What would you find in a patient with poliomyelitis (in the lab)
CSF with lymphocyte increase, slight elevation of protein and no changes in glucose. Cirus can be recovered from stool or throat.
Describe Werdnig-Hoffman disease, aka infantile spinal muscular atrophy?
AR inheritance pattern, presents at birth as a “floppy baby,” tongue fasciculations. Death in 7 months generally. Degeneration of anterior horns and LMN involvement only.
What is tabes dorsalis (caused by tertiary syphilis)? What is it caused by and how do patients present?
Degeneration of dorsal roots and dorsal columns, impaired proprioception, locomotor ataxia. It is associated with Charcot’s joints, shooting pain, argyll robertson pupils (reactive to accomidation but not light), positive Romberg, absense of DTR, sensory ataxia at night.
What is “Syringomyelia?
Damages anterior white commissure of the ST tract (2nd order neurons). This results in bilateral loss of pain and temperature sensations (usually C8-T1). Seen with Chiari types 1 and 2. Can hit other tracts too eventually.

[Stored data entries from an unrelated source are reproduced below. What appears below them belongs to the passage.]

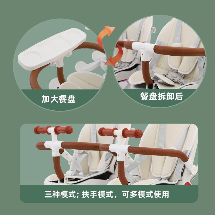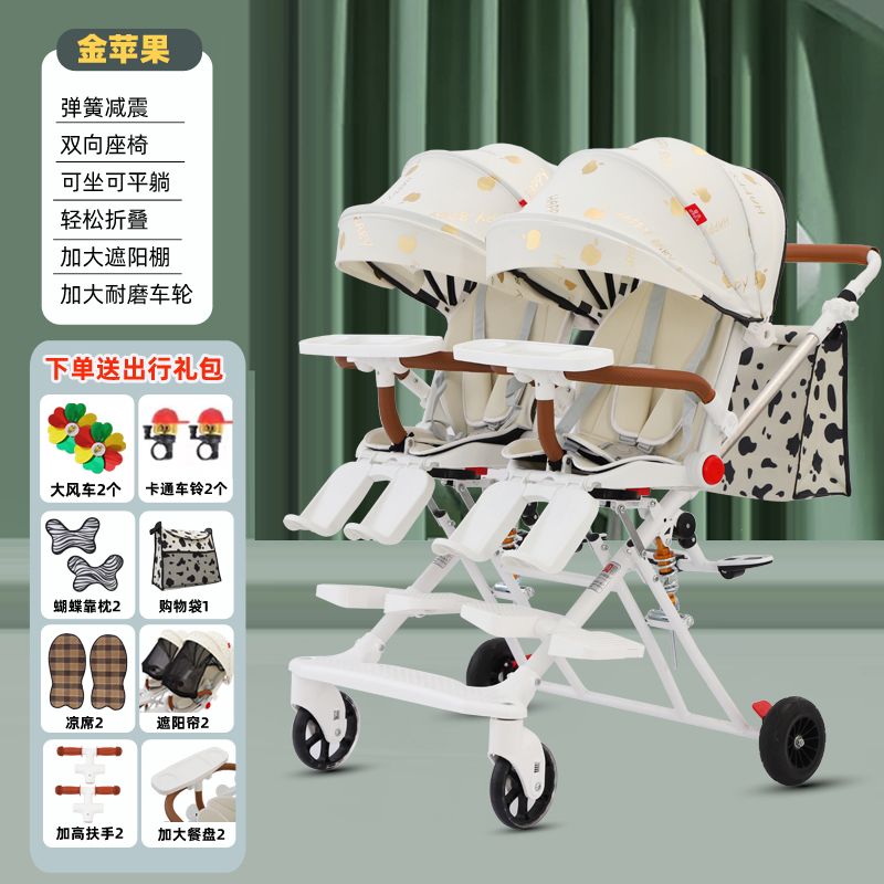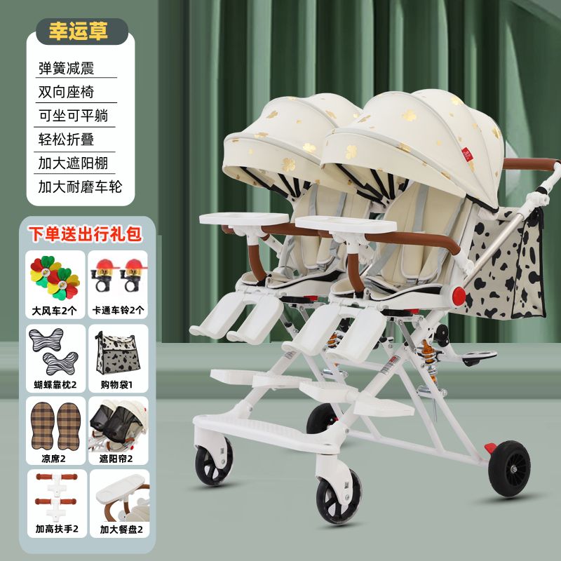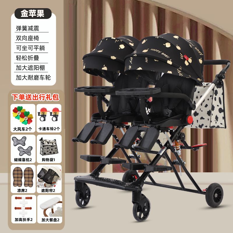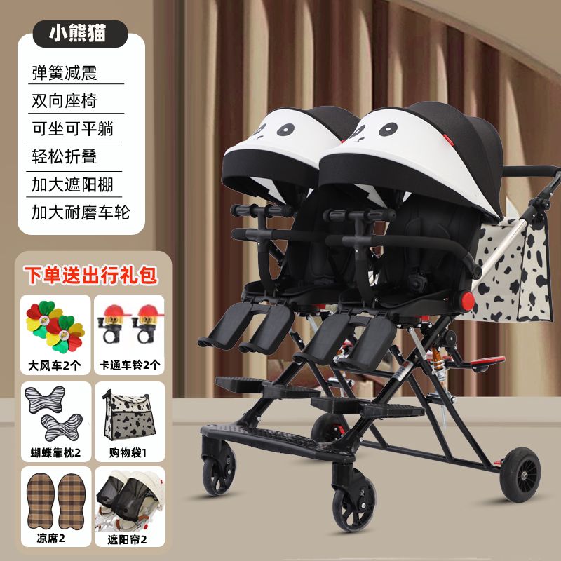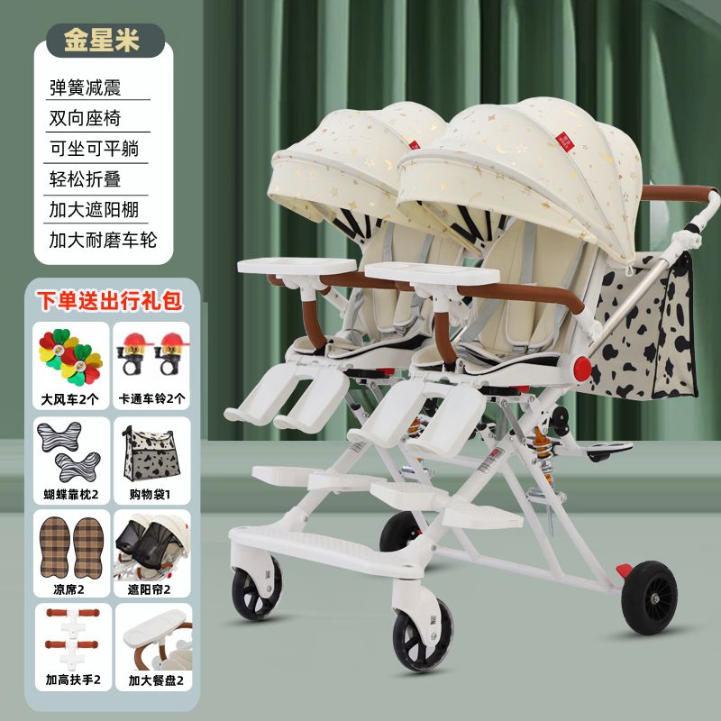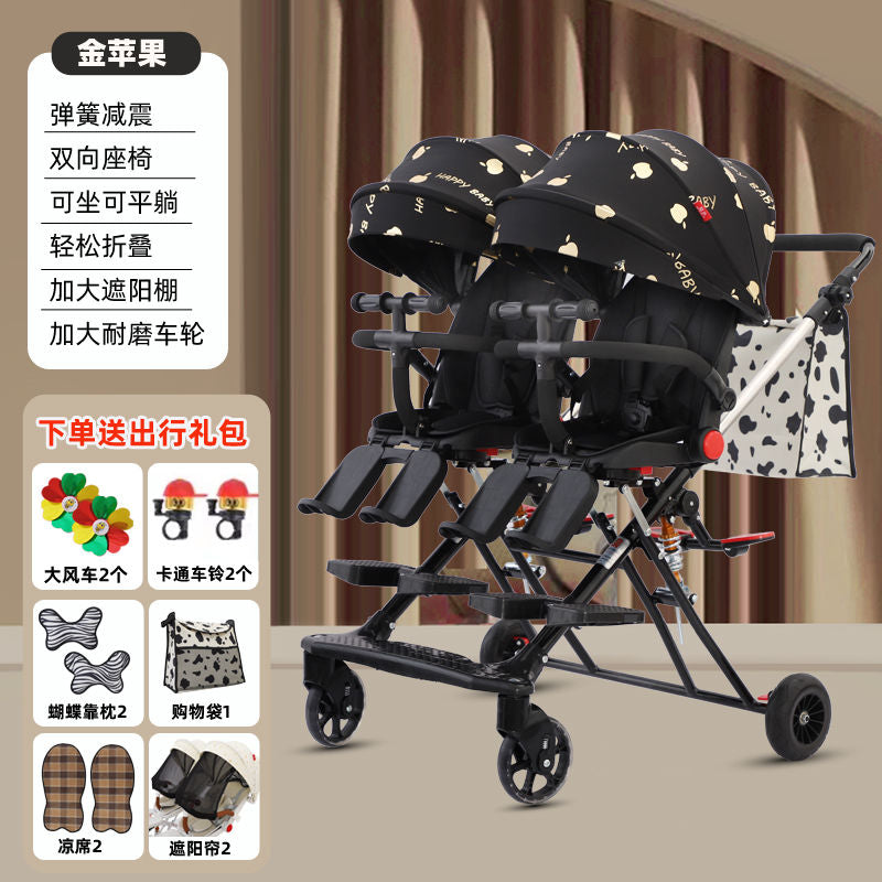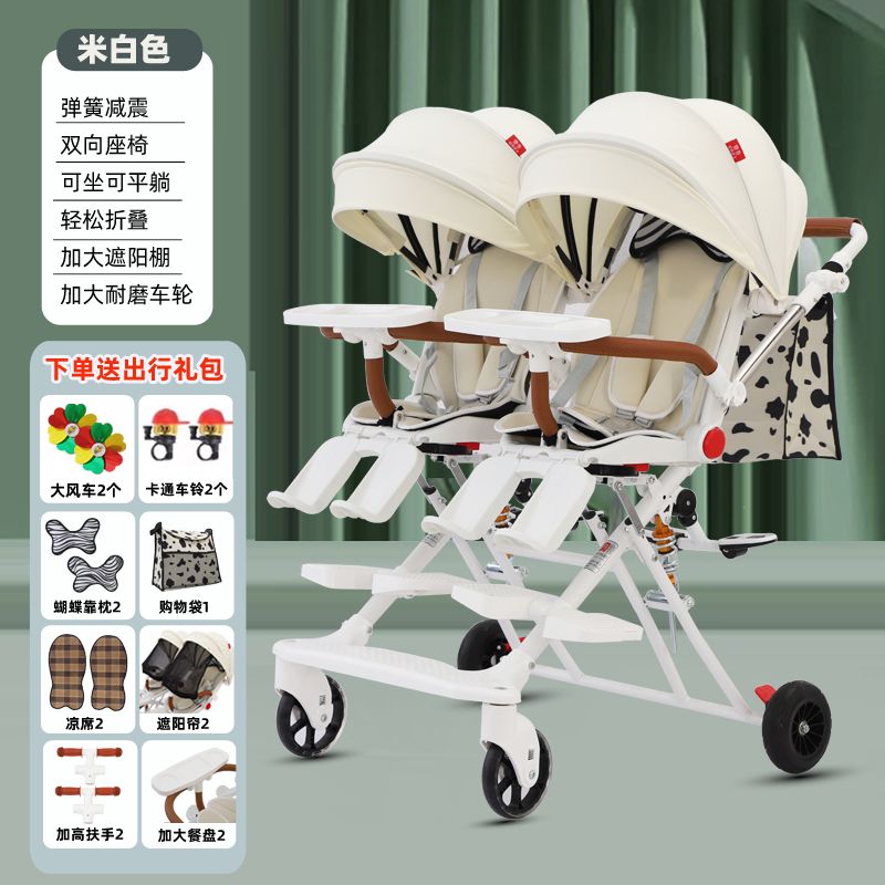 双胞胎溜娃神器大小宝宝可坐可平躺双向座椅折叠双人手推车遛娃车
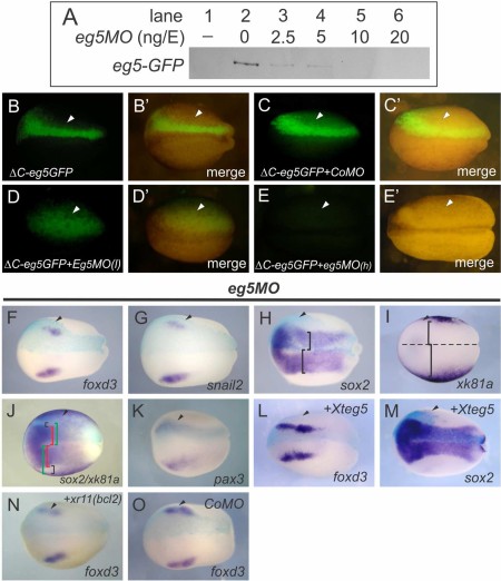 Figure 2. eg5 is required for early neural crest specification in Xenopus embryos. AâE: In vitro and in vivo efficiency of eg5 antisense morpholino oligonucleotide (eg5MO). A: Efficiency of eg5 antisense morpholino oligonucleotide. eg5MO injected and control embryos were cultured until stage 14 and homogenized for total protein extraction. Eg5-GFP protein was detected by Western blotting using an anti-green fluorescent protein (GFP) antibody. Each lane was loaded with 100 μg of total protein. eg5MO inhibits translation of eg5 in a dose-dependent manner. eg5MO concentration is expressed in ng/embryo. BâE: Dorsal views of Xenopus laevis embryos under the fluorescence stereo microscope, anterior side is on the left. White arrowheads indicate the injected side. B', D', E': Fluorescence and clear field images of each embryo are shown in merged images. B, B': Embryo injected with mRNA encoding δC-eg5GFP (1 ng/embryo) showing GFP fluorescence on the treated side. C, C': Embryo injected with δC-eg5GFP mRNA (1 ng/embryo) and control antisense morpholino oligonucleotide (CoMO, 20 ng/embryo). D, D', E, E': Embryos injected with δC-eg5GFP mRNA (1 ng/embryo) and eg5MO (C and C', low dose (l), 10 ng/embryo; D and D', high dose (h), 22 ng/embryo. No embryo shows GFP fluorescence at a high dose of eg5MO. FâO: Analysis of eg5MO effects on neural crest early specification. Dorsal views of Xenopus laevis embryos, anterior side is on the left. Black arrowheads indicate the injected side. F, G: eg5MO-injected embryos show inhibition of foxd3 and snail2 neural crest markers, respectively. H, I: The expression of the neural plate marker sox2 is reduced and the epidermal marker xk81a is expanded on the eg5MO-treated side. Brackets indicate the width of the neural plate (H) and the width of the neural plate plus the neural crest domain (I). J: Embryo labeled by double in situ hybridization for sox2 and xk81a genes showing the reduction of prospective neural crest (black brackets) and neural plate (red brackets) domains in the eg5MO-injected side. Green brackets indicate neural crest and neural plate territories together. This result is identical to H and I. K: The neural plate border specification marker pax3 show reduced expression in the eg5MO-injected side. L, M: Coinjection of eg5MO and Xenopus tropicalis eg5 mRNA rescues foxd3 and sox2 expression, respectively. N: Embryo injected with eg5MO and xr11, the Xenopus bcl2 orthologue. The antiapoptotic factor xr11 did not rescue the expression of foxd3 in the neural crest. O: CoMO-injected embryos show normal expression of foxd3.Download figure to PowerPoint |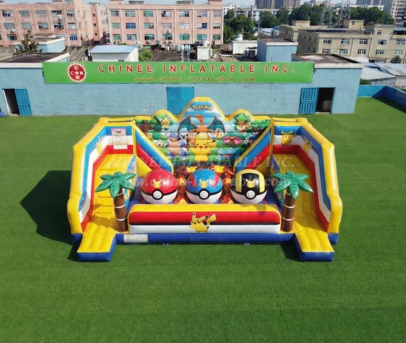 T11-4750L Pokemon Theme Inflatable Wipeout Big Balls Obstacle Course
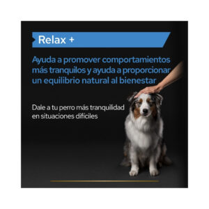 Relax + ayuda a promover comportamientos más tranquilos y ayuda a proporcionar un equilibrio natural al bienestar de tu perro cada día. Contiene niveles eficientes de ácidos grasos omega-3 (EPA y DHA de aceites de pescado) que se ha demostrado que: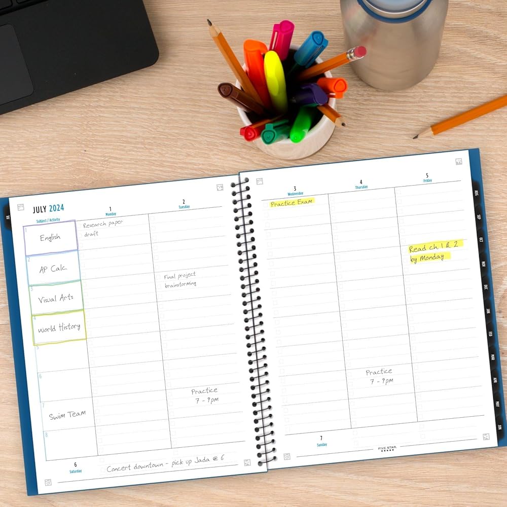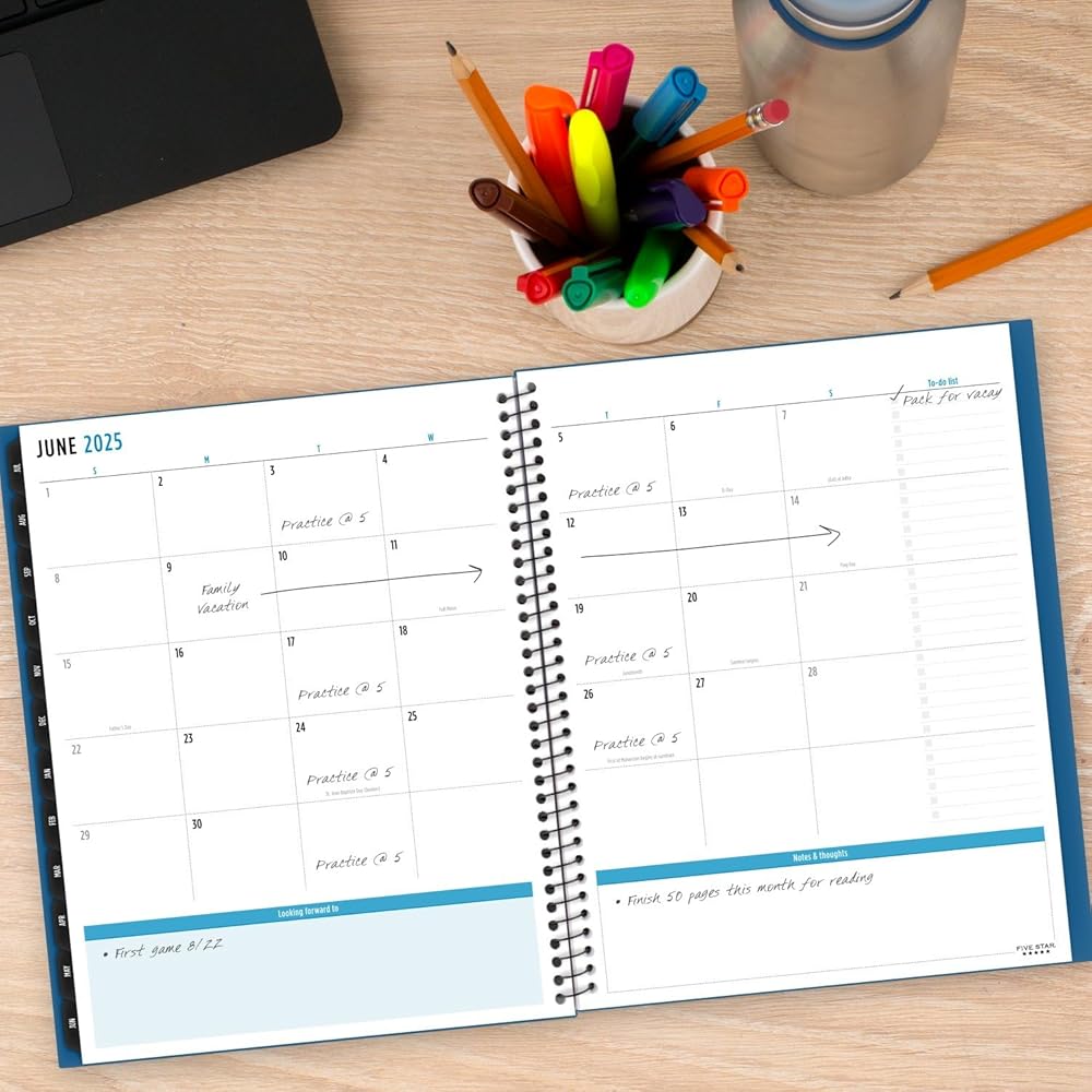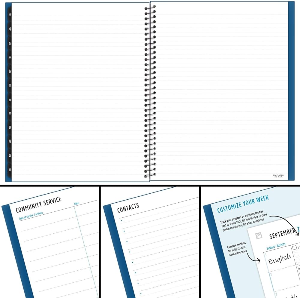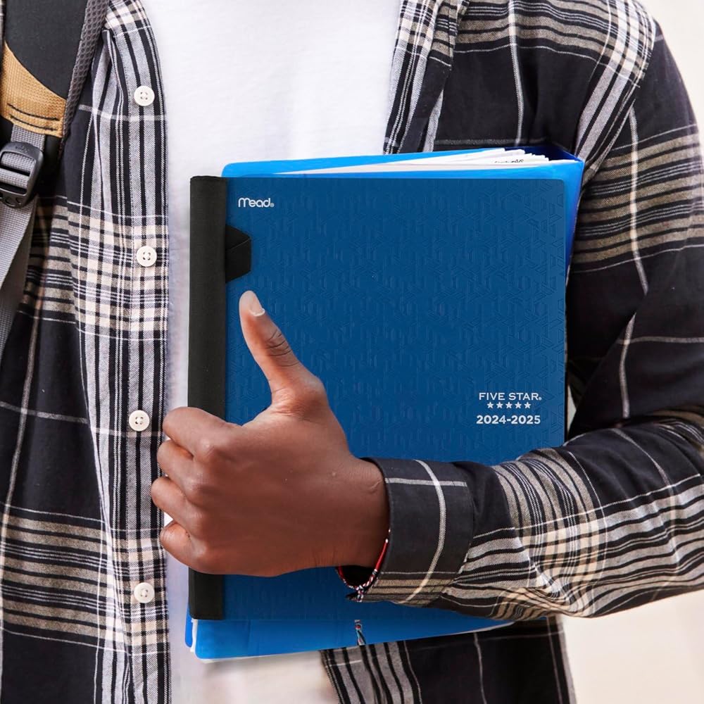 LASTS ALL YEAR. This Five Star Advance Student Academic Weekly Monthly Planner covers 12 months from July 2025 — June 2026 for academic year planning. Sync your planner to your phone with the Five Star Study App. Scan the planner pages to track and manage your assignments to access them anywhere, anytime. Weekly spreads have space to track up to 8 subjects and check boxes to mark off priorities. Pages measure 8.5" x 11". Tabbed monthly spreads have open daily blocks, a to-do list with check boxes and a notes section. Special pages include a 2-year reference calendar, 2 community service pages, 2 contact pages, 5 notes pages, a storage pocket and a pen loop to hold your favorite pen or pencil. Spiral Guard covers the wire to help prevent snags on clothes and backpacks. Thick, durable cover has trapezoid texture and is available in Black. *Guarantee is valid for one year from purchase or delivery date, whichever is longer. Does not cover misuse.

What will vitamin B12 neuropathy, vit E deficiency and Freidreich’s ataxia lead to?
Subacute combined degeneration - demyelination of dorsal columns, LCT and spinocerebellar tracts. Ataxic gait, hyperreflexia, impaired position and vibration sense.
What is a general sign of lower motor neuron damage?
Everything is lowered, less muscle mass, less muscle tone, less reflexes and downgoing toes.
What is the general sign of upper motor neuron damage?
Everything increases, increased tone, deep tendon reflexes, toes. Fasciculations.
Generally describe the pathology of ALS (Amyotrophic Lateral Sclerosis aka Lou Gehrig’s disease). What causes it?
Associated with signs of both UMN and LMN damage, however there is no sensory, cognitive or occulomotor deficits. Might be associated with a defect in superoxide dismutase 1 (SOD1).
How do ALS patients present?
Presents with fasciculations and eventual atrophy, it is progressive and fatal.
What is Friedreich’s ataxia? How do patients present?
AR trinucleotide disorder in a gene encoding for Frataxin. Leads to impaired mitochondrial functioning. Patients present with stagerring gait, frequent falling, nystagmus, dysarthria, pes cabus, hammer toes, hypertrophic cardiomyopathy (causes death). Presents in childhood with kyphoscoliosis.